= Muhammad Ghufran Khan =

Pakistani politician

Haji Muhammad Ghufran Khan is a Pakistani politician from Sheikh Jana in Swabi District, Khyber Pakhtunkhwa. Senator Ghufran is the senior vice-chairman of the Qaumi Watan Party (QWP) and has held several political positions, including serving as a member of the Senate of Pakistan from 2006 to 2012, and as a caretaker provincial minister in the Government of Khyber Pakhtunkhwa in 2023.

== Early Political Career ==

=== Local Government ===

Ghufran Khan began his political career in local governance in Khyber Pakhtunkhwa:

- Member of the District Council, Mardan and Swabi from 1979 to 1991.
- Chairman of the District Council Swabi for six months in 1992.

== Senate of Pakistan (2006–2012) ==
Ghufran Khan was elected as a Senator in March 2006, representing Khyber Pakhtunkhwa under the Pakistan People's Party Sherpao (PPP‑S), and served until March 2012.
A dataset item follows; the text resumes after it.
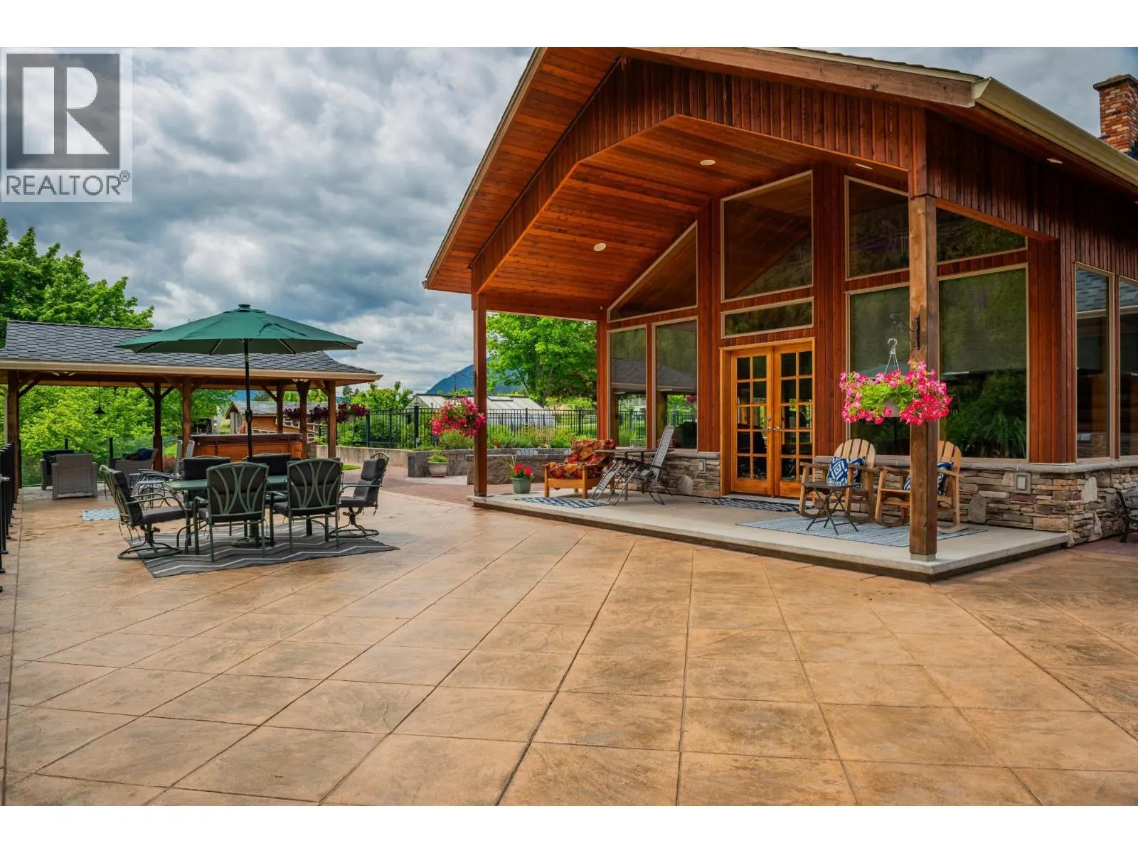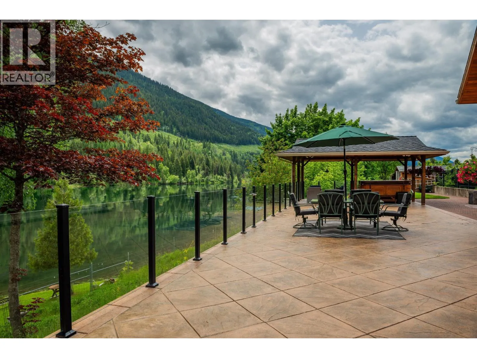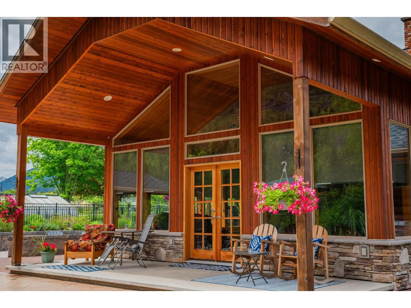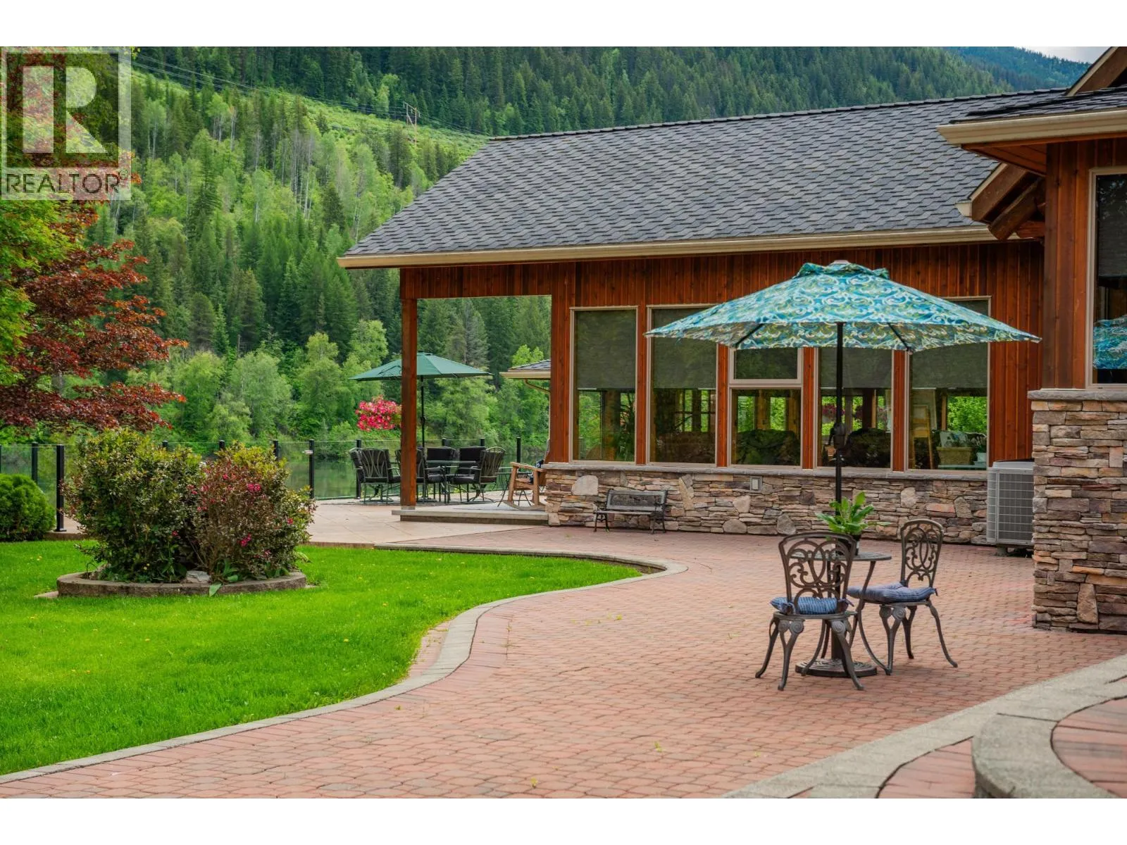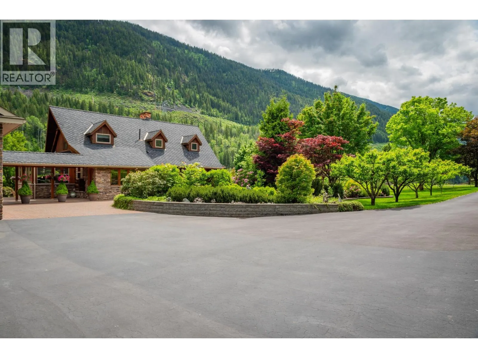 Nestled in the tranquil beauty of Shoreacres, BC, this custom-built log home epitomizes waterfront living on the picturesque Kootenay River. Top quality craftsmanship is evident throughout and only the highest quality finishing materials were used. The home has been meticulously maintained with extensive recent upgrades. Upon entering, be greeted by the rustic charm and inviting ambiance that defines every corner of this exceptional property. The open-concept design seamlessly marries the timeless allure of log architecture with contemporary comforts, offering three spacious bedrooms and three elegantly appointed bathrooms. Surrounded by nature's serenity, this fully fenced, meticulously maintained executive residence features a downstairs in-law suite, perfect for hosting family or friends. Step outside onto the expansive concrete stamped deck to immerse yourself in the tranquil sounds of nature and panoramic vistas. The low maintenance 1.18 acre landscaped yard creates a park-like oasis, ideal for relaxation and connecting with the outdoors. A private dock invites you to indulge in water activities like boating and fishing or simply bask in the sun along the river's edge. The property also highlights an orchard-like setting with many varieties of fruit and berries. Whether seeking a peaceful sanctuary or an adventurous getaway, 906 James Road promises an unparalleled lifestyle. Spacious 24X34 high ceiling garage with bonus studio room. (id:27476)

== Ministry (2023) & Political Activity ==
After completing his Senate term, Ghufran Khan continued involvement in regional and provincial politics:

- Qaumi Watan Party (QWP): Ghufran Khan holds a senior leadership role in the party, serving as senior vice-chairman and being recognized as one of its key leaders in Khyber Pakhtunkhwa.
- Caretaker Provincial Minister (January 2023): Appointed to the caretaker provincial cabinet in Khyber Pakhtunkhwa. Notably, Ghufran Khan was the only minister who declined all salaries, allowances, staff, and official residences during his tenure.

== Regional Influence ==
Ghufran Khan's political base is in Swabi District, Khyber Pakhtunkhwa.